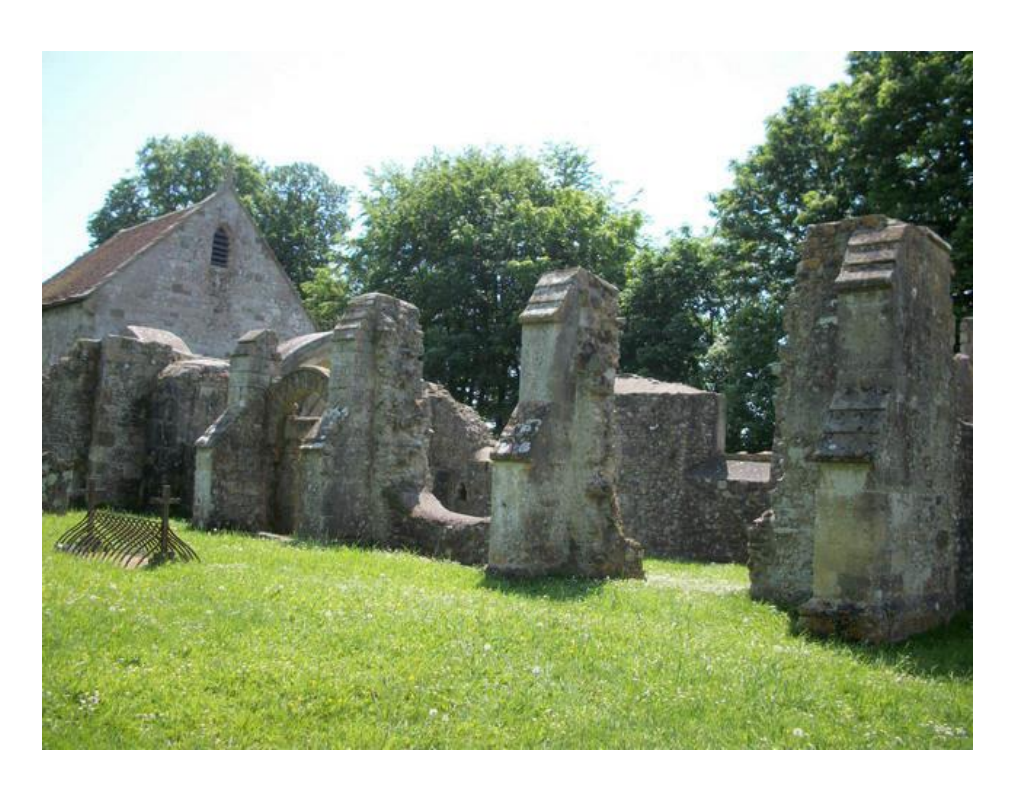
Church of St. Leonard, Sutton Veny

◇ ◇ ◇

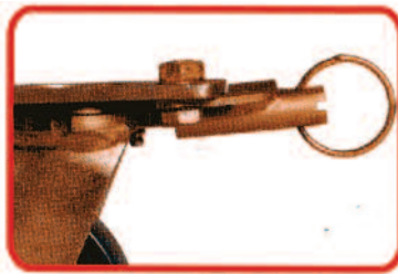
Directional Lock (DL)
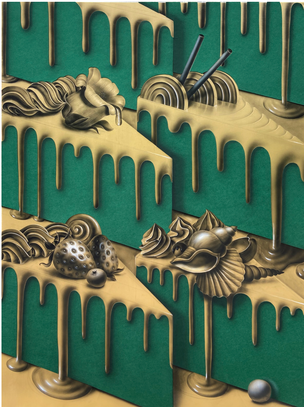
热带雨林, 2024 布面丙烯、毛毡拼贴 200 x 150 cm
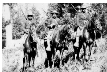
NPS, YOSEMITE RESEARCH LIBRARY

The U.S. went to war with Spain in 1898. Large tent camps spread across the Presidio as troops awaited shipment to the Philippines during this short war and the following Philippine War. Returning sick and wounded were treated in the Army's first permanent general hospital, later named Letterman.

◇ ◇ ◇

__Task details__
Only one stretch of the material above is wanted: the line containing "热带雨林, 2024 布面丙烯、毛毡拼贴 200 x 150 cm" through the line containing "The U.S. went". Restate it word for word, minus the pictures.

__Task answer__
热带雨林, 2024 布面丙烯、毛毡拼贴 200 x 150 cm
NPS, YOSEMITE RESEARCH LIBRARY

The U.S. went to war with Spain in 1898. Large tent camps spread across the Presidio as troops awaited shipment to the Philippines during this short war and the following Philippine War. Returning sick and wounded were treated in the Army's first permanent general hospital, later named Letterman.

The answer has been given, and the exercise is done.